(Saved entries)

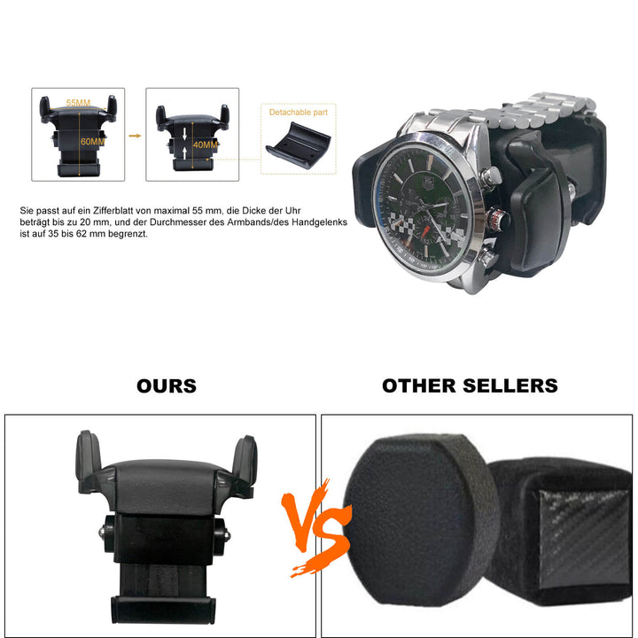 Uhrenmanschette: Dieses einzigartige Patentdesign passt am besten zu verschiedenen Uhrengrößen Armband/Handgelenk. Es passt auf ein Zifferblatt mit maximal 55 mm Durchmesser, der Armband-/Handgelenksdurchmesser ist auf 35–62 mm begrenzt.
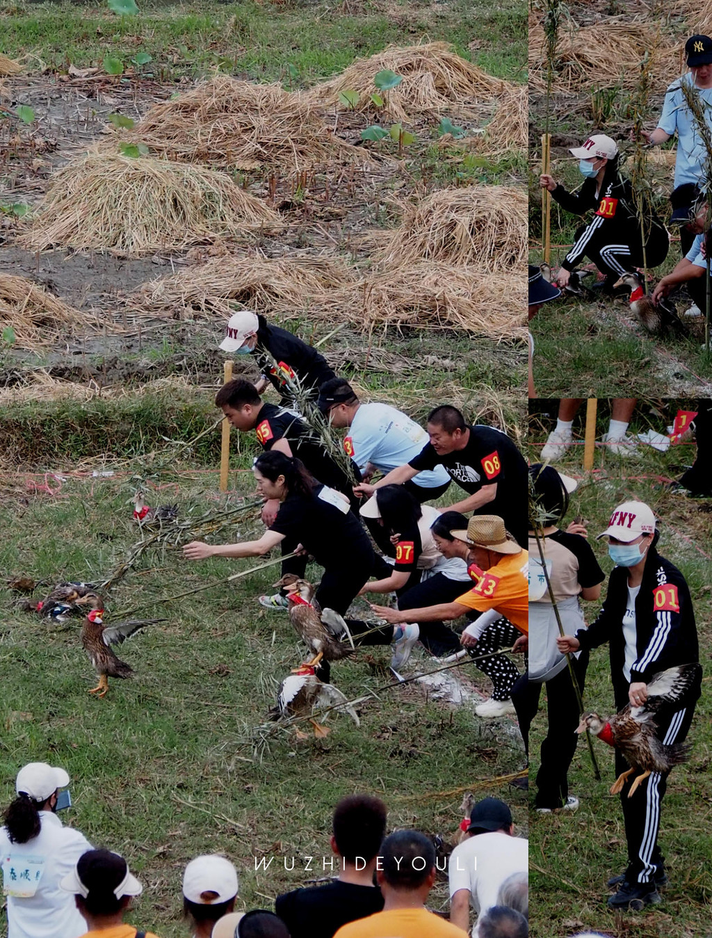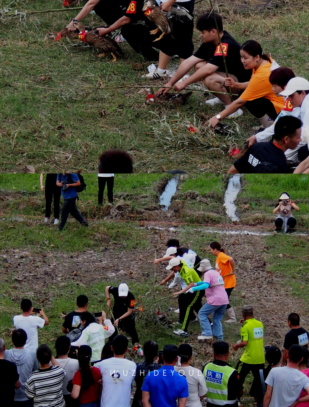 最逗的是抓鸭子比赛。刚把一群嘎嘎叫的鸭子赶进麦田,选手们手忙脚乱的赶鸭子走直线,鸭子们吓得扑腾着翅膀四处乱窜,根本不听指挥,惹得田边笑成一片。我举着相机追着拍,笑得手都抖了,镜头里的画面糊成一团,却把那股子疯玩的快乐全收了进去。
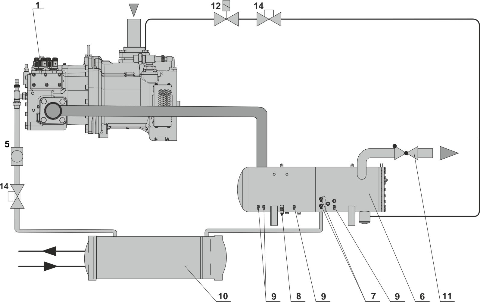 13 | Sekundärölabscheider (bei Hubkolbenverdichtern einziger Ölabscheider) |
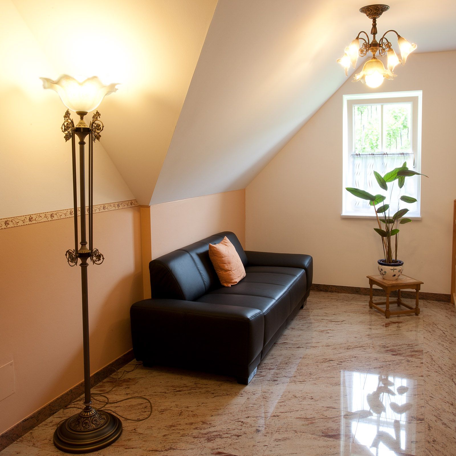 Stojací lampa z kolekce TOSCA je snovou prezentací romantiky a krásy. Drážkovaný, elegantně štíhlý sloup je lemován čtyřmi filigránovými sponami s volutami, úponky a listy. Vzestupné směřování kompozice vrcholí květinou ze saténového skla, která se otevírá směrem ke stropu. Světlo je distribuováno primárně nahoru, ale zároveň matným stínidlem vyzařuje do místnosti měkké okolní světlo. Tato stojací lampa vytváří zasněný designový akcent v souborech starožitného nábytku. Tato lampa se bude skvěle vyjímat vedle pohovky, křesla nebo v oblasti místnosti, kterou chcete obzvlášť zvýraznit. Stojací lampa má patici E27 až do 60 wattů.
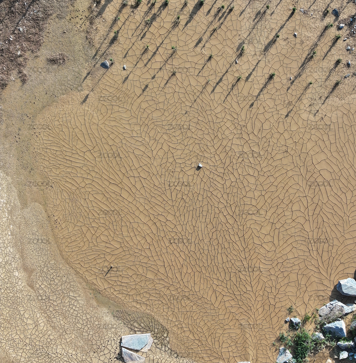 俯拍一片干涸的土地上的小树和网状裂纹
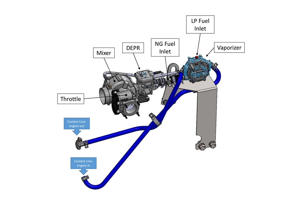 Software command lets users switch from natural gas to liquid propane by merely sending a signal to the engine.
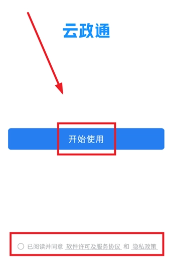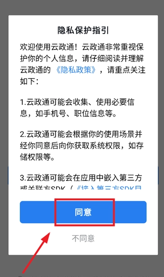 在本站下载安装并打开云政通app,先同意隐私保护指引;
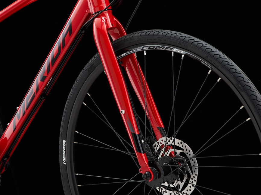 メリダといえば「フレームの生涯保障」が特徴、これはユーザーにとって大きな安心感だ。さらにシマノ製油圧ディスクブレーキ採用のクロスバイクがこの値段で買えるのはうれしいところ。特に通勤通学など、雨天時でも走る可能性が高いクロスバイクにとって、安心は大切なポイントです。
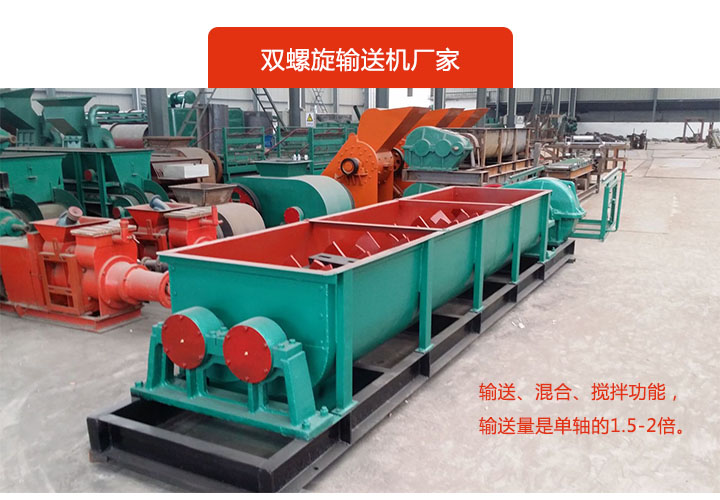 雙軸螺旋輸送機是利用兩根螺旋軸(一正一反)輸送物料,同時具備輸送、混合、攪拌功能,不易堵料;輸送量是單軸的1.5-2倍。
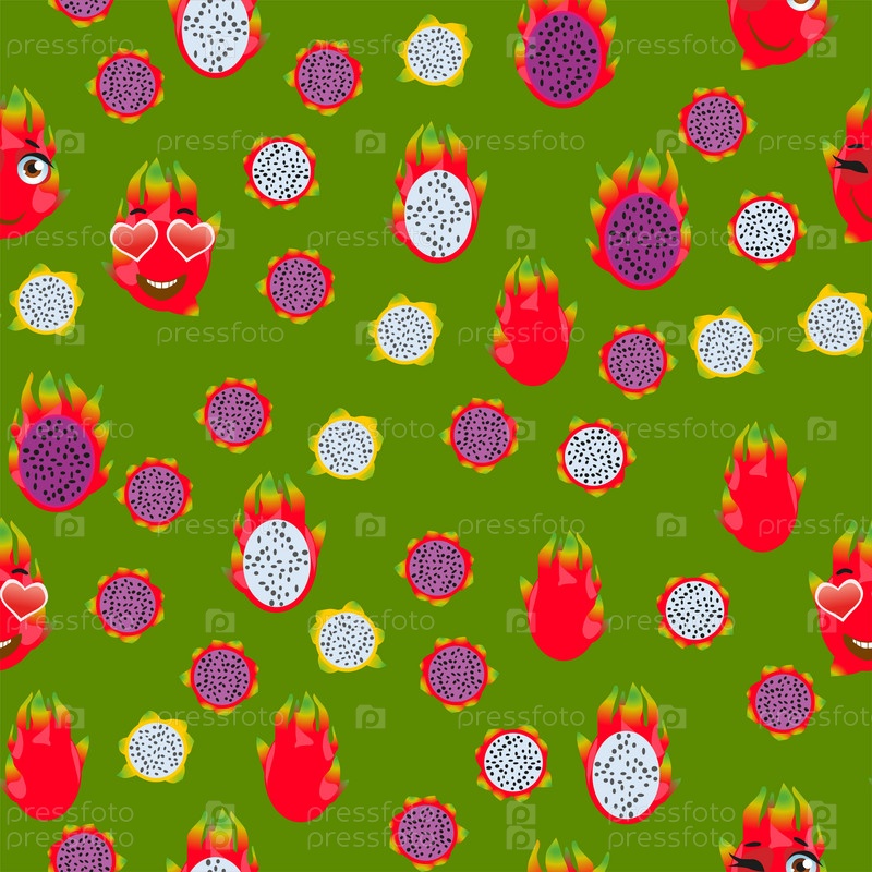 Бесшовный узор из экзотических фруктов питайи. Смешные милые лица персонажей

THE TASK:
This task calls for the records to be copied exactly, without pictures.

WRITTEN RESPONSE:
 Uhrenmanschette: Dieses einzigartige Patentdesign passt am besten zu verschiedenen Uhrengrößen Armband/Handgelenk. Es passt auf ein Zifferblatt mit maximal 55 mm Durchmesser, der Armband-/Handgelenksdurchmesser ist auf 35–62 mm begrenzt.
 最逗的是抓鸭子比赛。刚把一群嘎嘎叫的鸭子赶进麦田,选手们手忙脚乱的赶鸭子走直线,鸭子们吓得扑腾着翅膀四处乱窜,根本不听指挥,惹得田边笑成一片。我举着相机追着拍,笑得手都抖了,镜头里的画面糊成一团,却把那股子疯玩的快乐全收了进去。
 13 | Sekundärölabscheider (bei Hubkolbenverdichtern einziger Ölabscheider) |
 Stojací lampa z kolekce TOSCA je snovou prezentací romantiky a krásy. Drážkovaný, elegantně štíhlý sloup je lemován čtyřmi filigránovými sponami s volutami, úponky a listy. Vzestupné směřování kompozice vrcholí květinou ze saténového skla, která se otevírá směrem ke stropu. Světlo je distribuováno primárně nahoru, ale zároveň matným stínidlem vyzařuje do místnosti měkké okolní světlo. Tato stojací lampa vytváří zasněný designový akcent v souborech starožitného nábytku. Tato lampa se bude skvěle vyjímat vedle pohovky, křesla nebo v oblasti místnosti, kterou chcete obzvlášť zvýraznit. Stojací lampa má patici E27 až do 60 wattů.
 俯拍一片干涸的土地上的小树和网状裂纹
 Software command lets users switch from natural gas to liquid propane by merely sending a signal to the engine.
 在本站下载安装并打开云政通app,先同意隐私保护指引;
 メリダといえば「フレームの生涯保障」が特徴、これはユーザーにとって大きな安心感だ。さらにシマノ製油圧ディスクブレーキ採用のクロスバイクがこの値段で買えるのはうれしいところ。特に通勤通学など、雨天時でも走る可能性が高いクロスバイクにとって、安心は大切なポイントです。
 雙軸螺旋輸送機是利用兩根螺旋軸(一正一反)輸送物料,同時具備輸送、混合、攪拌功能,不易堵料;輸送量是單軸的1.5-2倍。
 Бесшовный узор из экзотических фруктов питайи. Смешные милые лица персонажей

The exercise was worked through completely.